Aquel lunes la jornada concluyó con olor a pólvora luego de la intervención de tres periodistas mexicanos: Ignacio Rodríguez, de la revista "Emeequis"; Javier Valdez, del novel pero pujante semanario "Río Doce" de Sinaloa; y Sergio Haro, de la legendaria revista "Zeta" de Tijuana. Los mexicanos mantuvieron en vilo a la audiencia mientras relataban las formas más novedosas y surrealistas que vienen utilizando los narcotraficantes de su país para amedrentar, torturar y ejecutar a sus rivales de otros cárteles, a las autoridades o periodistas: desde quemar sus restos con ácido dentro de cilindros hasta decapitarlos frente a cámaras y colgar los videos de sus crímenes en YouTube.

Quienes no se quedaron atrás fueron los periodistas de Colombia.
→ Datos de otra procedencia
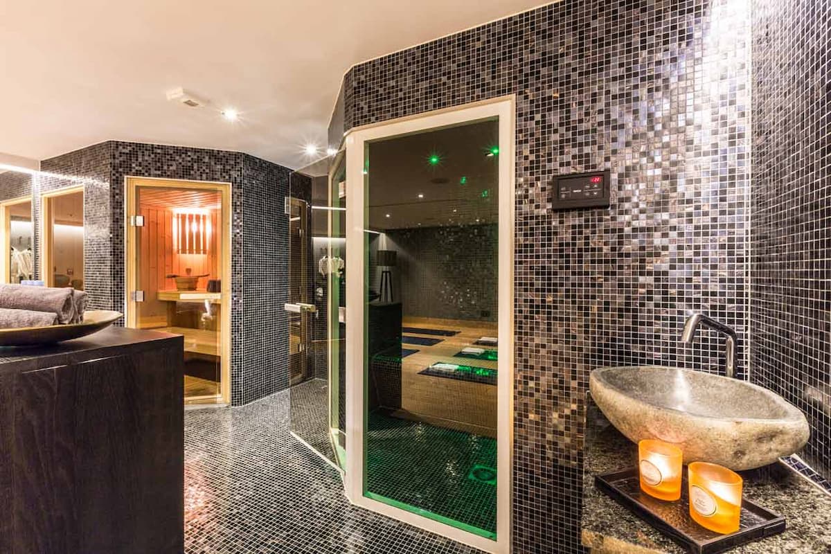 Dedicated wellness awaits on the lower level within a sophisticated spa suite: rejuvenate in the sauna and Hammam, indulge in treatments on dedicated massage tables, or find balance in the yoga/Pilates studio. An adjacent gym caters to fitness enthusiasts.
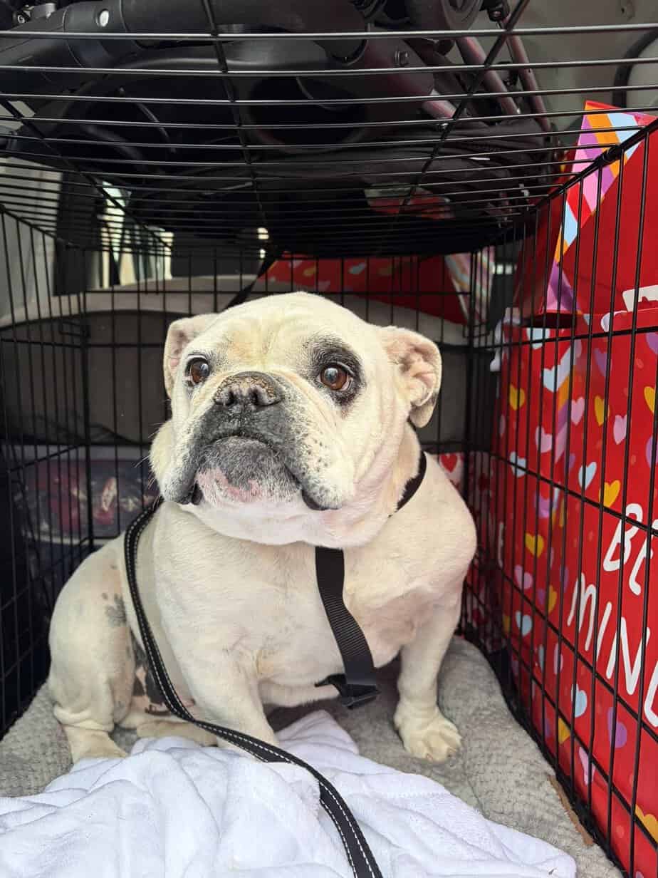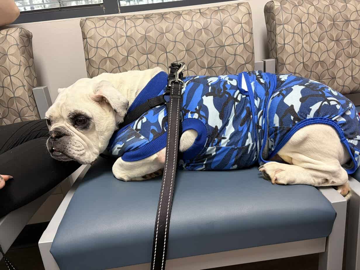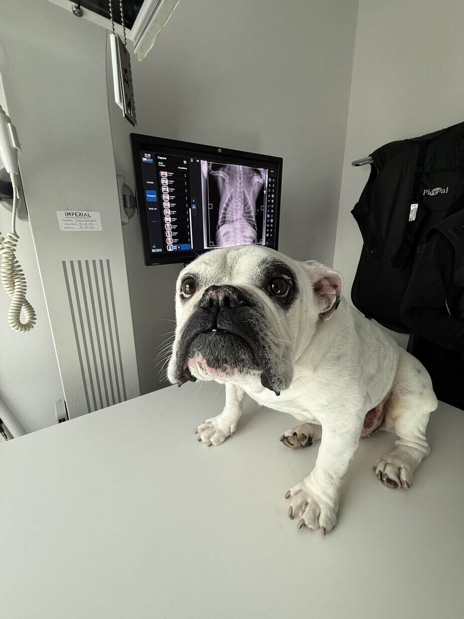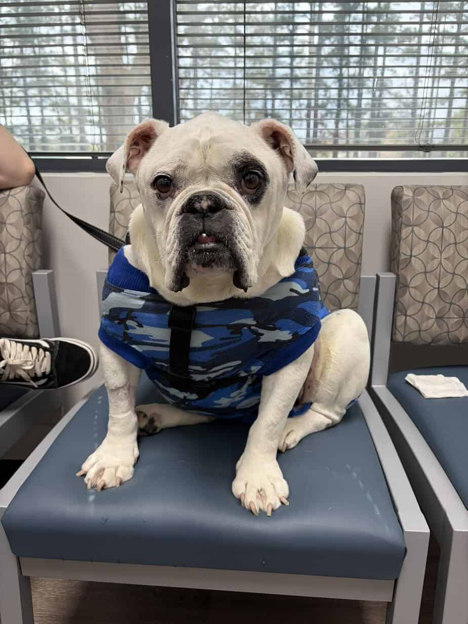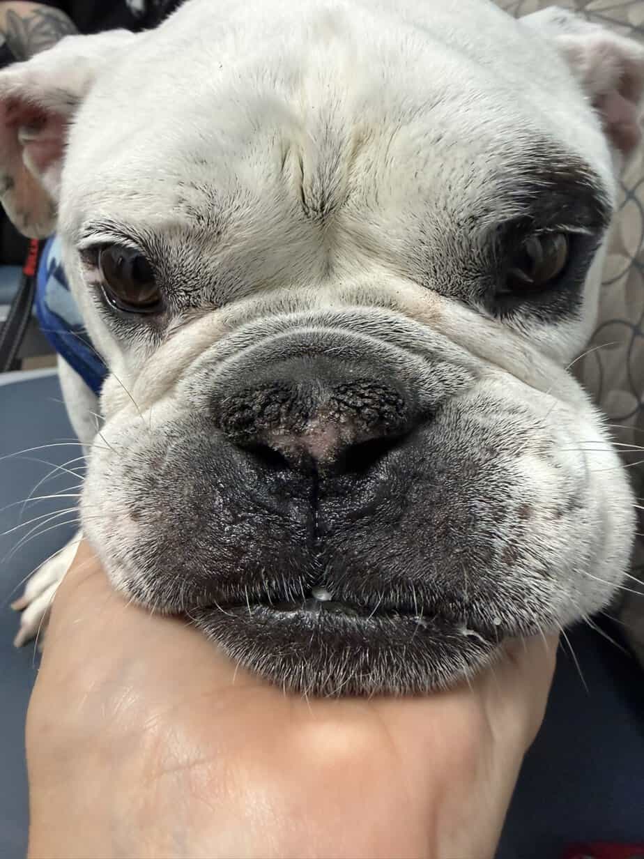 2/19/26 – Capone had surgery today and all went well. He had two masses removed, his palate shortened, his nares widened and his teeth cleaned.
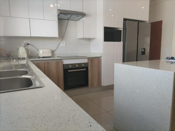 Step inside to find three spacious bedrooms and two modern bathrooms, providing ample space for relaxation and privacy. The inviting lounge is perfect for unwinding after a long day or entertaining guests. The well-appointed kitchen is designed for both functionality and style, making meal preparation a pleasure.
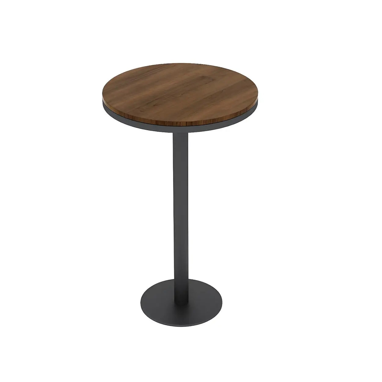 This brown round high bar table adds style to your living space with its simple and modern design. The high-quality solid wood tabletop and sturdy metal base ensure long-lasting and durable use. Whether at home or in a commercial setting, this table is ideal for enjoying gatherings and entertainment.
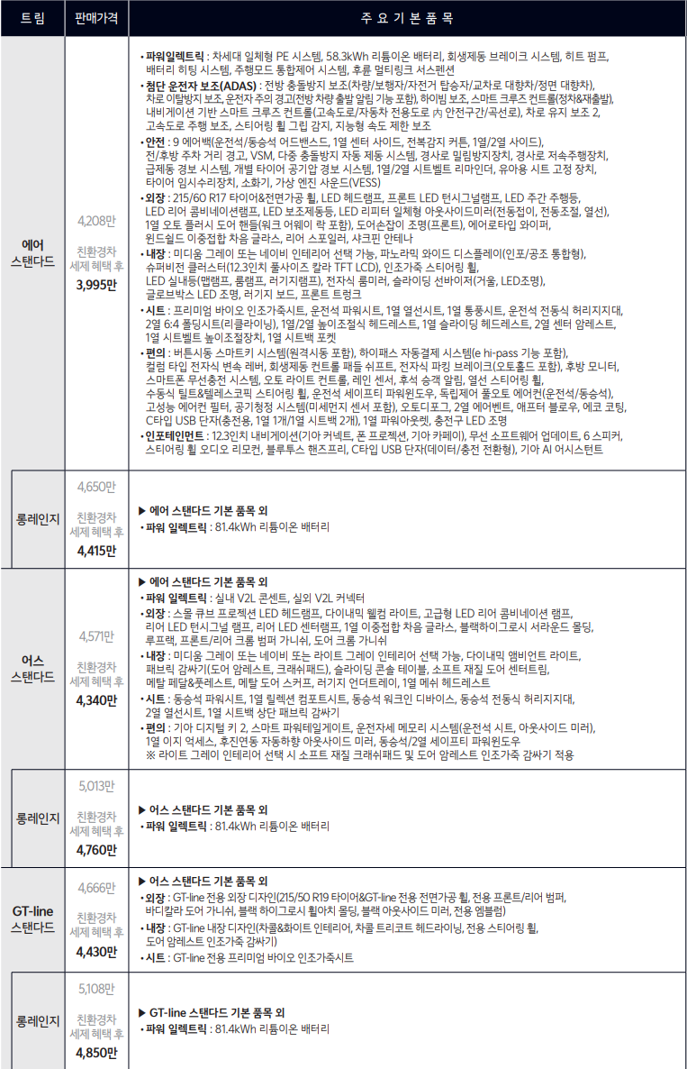 - 파워일렉트릭 : 58.3kWh 리튬이온 배터리, 배터리 히팅 시스템, 주행 모드 통합제어 시스템
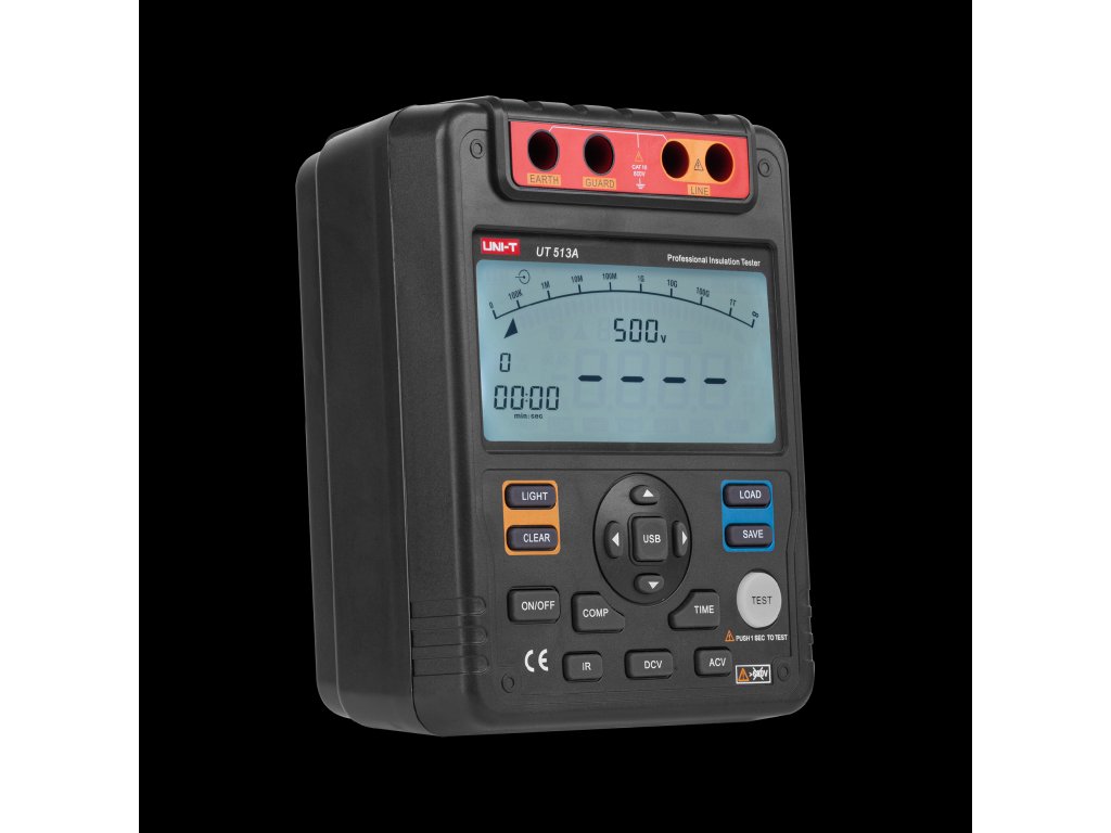 Mjerač izolacijskog otpora UNI-T UT513A digitalni je mjerni uređaj namijenjen za elektroničare i električare. Omogućuje mjerenje velikih otpornosti do 1000 GOhm pri ispitnom naponu od 5000 V. Od brojnih drugih funkcija valja istaknuti test dielektrične apsorpcije, indeks polarizacije ili funkciju usporedbe. Ovaj model zadovoljava standard IECG1010.
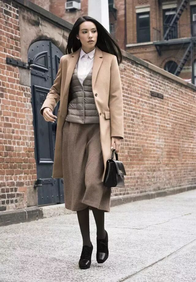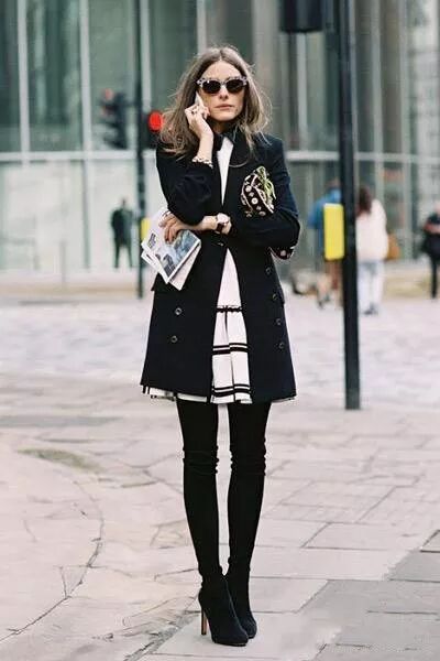 大衣内搭裙装,既简约又大气,可以让气质显得更为出众。
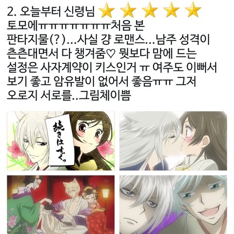 +이건 정말 명작이야ㅠㅠ 2기 오프닝 개씐남 그리고 1기오프닝도 좋고 토모에가 너무 좋아 ㅜㅜㅜㅜ 엄청 달달한데 오글거리진않고 재밌음♡
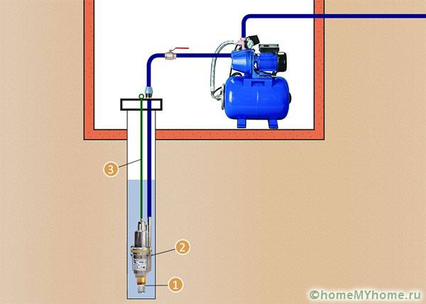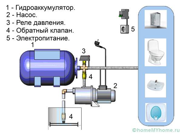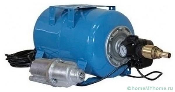 - акумулатор на налягане (хидравличен акумулатор или мембранен резервоар), който поддържа налягането във водоснабдителната система на необходимото ниво;
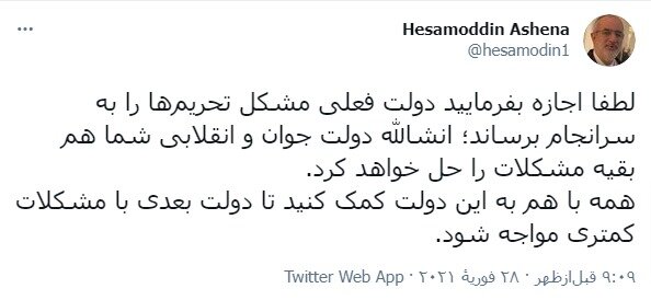 آشنا همیچنین در توییت دیگری که دقایقی قبل منتشر کرد، با تاکید بر اظهارات قبلیاش نوشت: «لطفا اجازه بفرمایید دولت فعلی مشکل تحریمها را به سرانجام برساند؛ انشالله دولت جوان و انقلابی شما هم بقیه مشکلات را حل خواهد کرد. همه با هم به این دولت کمک کنید تا دولت بعدی با مشکلات کمتری مواجه شود.»
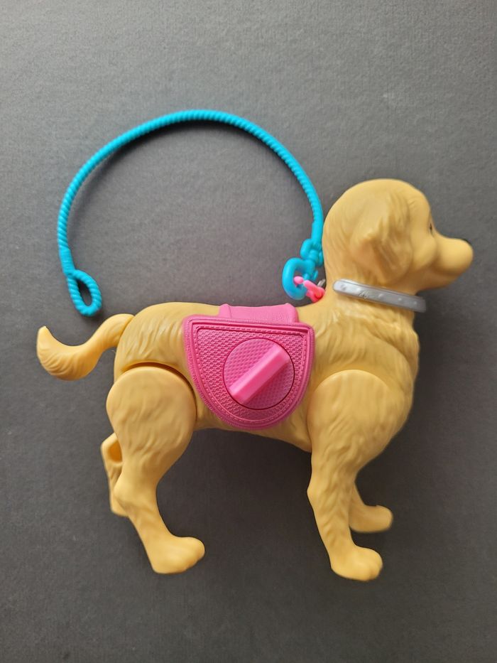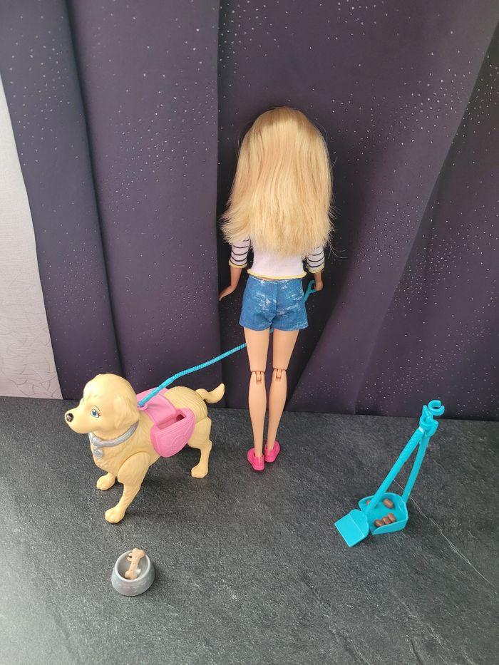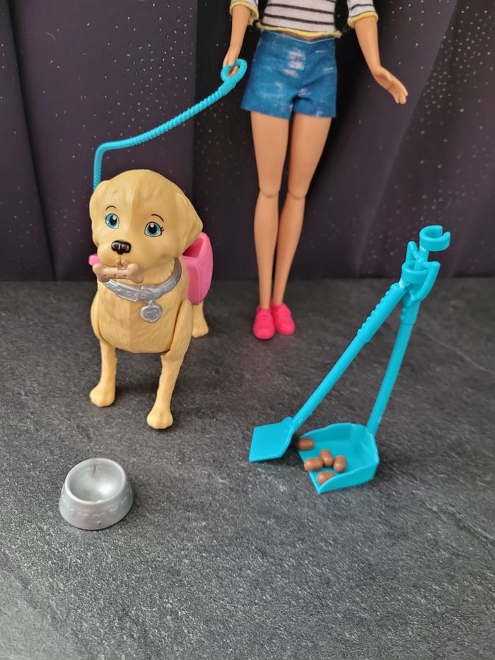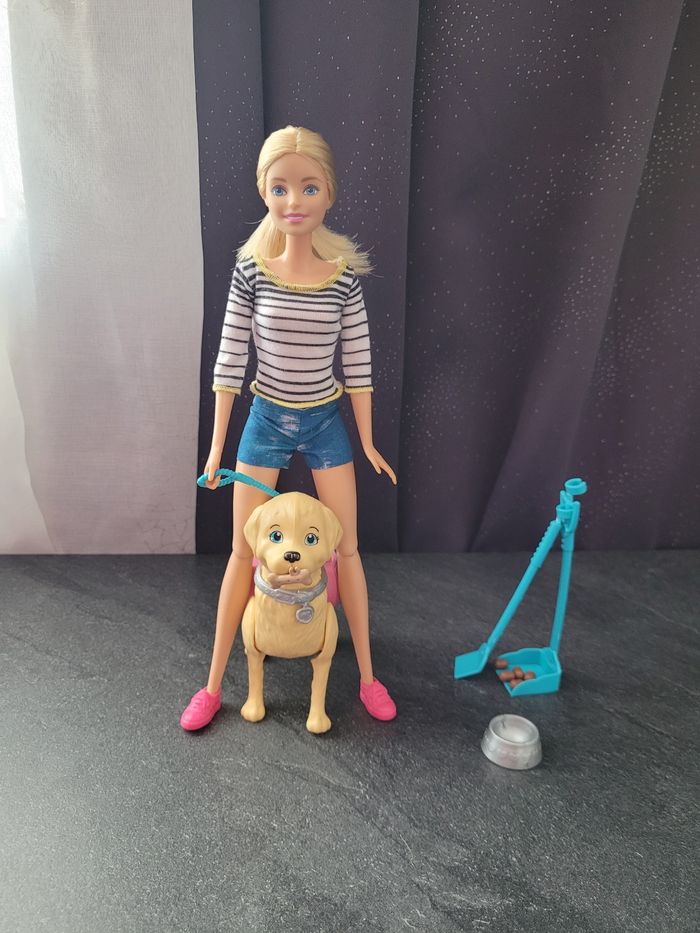 Je vends ce lot Barbie, complet comprenant : • 1 poupée Barbie en très bon état, • 1 chien avec laisse et sac rose • Des accessoires : laisse, ramasse-crottes, 5 crottes et gamelle avec os ⚠️ À noter : le chien ne marche plus tout seul (car le bouton rose rotatif ne marche plus, voir photo). Il reste cependant en bon état esthétique et peut toujours servir pour jouer. Tout est nettoyé. Dès 3 ans. Pour information : Mettre les 5 crottes dans le sac rose du chien. Lorsque il s’arrête pour faire ses besoins, appuie sur sa queue, puis nettoie avec la pelle et la balayette. Les accessoires tiennent dans la main ou le poignée de la poupée Barbie qui adore s’occuper de son animal favori. N’oublie pas de récompenser le chien lorsqu’il est sage avec une gamelle et un os qui tient aussi dans la gueule du chien!
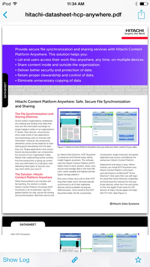 With your files stored in Hitachi Content Platform Anywhere, your data is automatically protected, preserved, secured and managed throughout its lifecycle and is always available. Lost your mobile device? Replace the device, download this app and all your data is back. No restores, no system checkpoints, no calls to the helpdesk; just you, your device and your data. Hitachi Content Platform Anywhere makes life easier: No more full email inboxes, no more wrestling with heavyweight content management applications, no more struggling to share large files. Just put the file into Hitachi Content Platform Anywhere and it will be available securely anywhere, at any time, on any device, and easily shared via a link rather than sending the entire file.
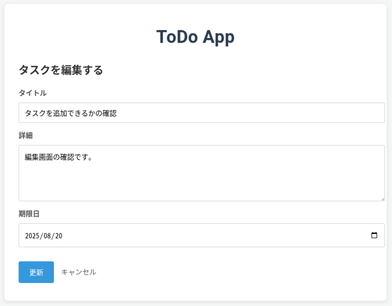 * タスクのタイトルや詳細、期限を編集できる。
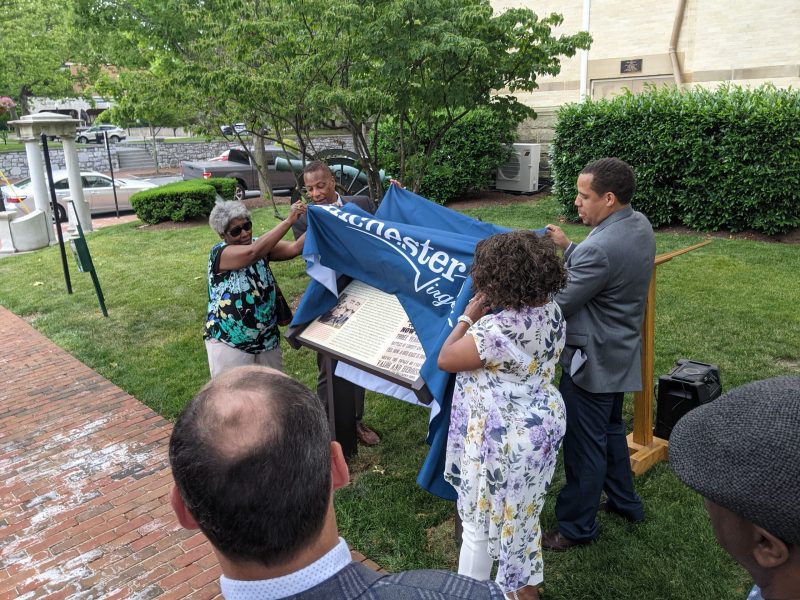 In his opening remarks, Mike Faison, President of the Winchester Area NAACP branch quoted Frederick Douglass. “He who would be free must himself strike that blow” and Faison ex-plained that, “179,000 men, and thousands who were former slaves, volunteered to fight for the Union army; nearly 37,000 gave their lives for the cause.” Mr. Faison also mentioned the or-ganizations who came together to help promote the story and bring the project to fruition. The project was the result of a community partnership between the Winchester-Frederick County Convention and Visitors Bureau, Shenandoah University’s McCormick Civil War Institute, the City, the Winchester NAACP and Civil War Trails, Inc. Each playing a different role in the funding, creation, and placement of the sign.
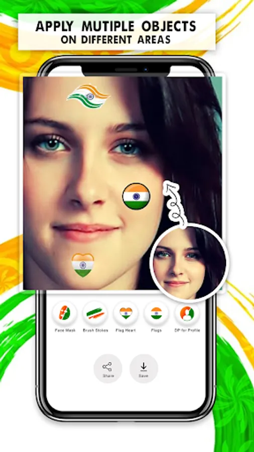 India Flag Face Sticker Photo Maker is a India photo maker app having Ind flag face stickers for pics designed to make your India photo selfie or other pics of 15 august India flag just awesome. Give the 15 August Wishes to the country by making feel proud to have India flag images on your 15 august pics. You can put ind flag on flex, banner or 15 august profile pic dp as well.

A la segunda jornada del seminario realizada el martes último asistieron Martha Soto, de "El Tiempo" de Bogotá; Hollman Morris, del programa "Contravía"; Ginna Morelo, del "Meridiano" de Córdova; Fabio Posada, de "El País" de Cali; y Gonzalo Guillén, del "Nuevo Herald" de Miami. Ellos abordaron, después de la exposición del fiscal general de Colombia, Mario Iguarán, desde la problemática del campesino cocalero (que parecía un retrato de la situación que se vive en el Alto Huallaga y el VRAE), la brutalidad de la guerra en las ciudades de la selva controladas por las FARC y el auge y caída de los cárteles de los '80 hasta el ascenso de los cabecillas de las atomizadas mafias en la actual Colombia.

Martha Soto, jefa de la Unidad de Investigación de "El Tiempo" desde hace 10 años, dijo que los peruanos podríamos considerar como "hermanos mayores" a mexicanos, colombianos y brasileños ya que estos países han recorrido todas las fases de la espiral de destrucción que les ha traído el narcotráfico en su calidad de países productores, de tránsito y de consumo de cocaína u otras drogas. Realidades vecinas que hacen palidecer los años más sombríos que vivió nuestro país por el terrorismo y que, luego de la jornadas internacionales, nos dejaron una conclusión tácita: el Perú no debe cometer los mismos errores.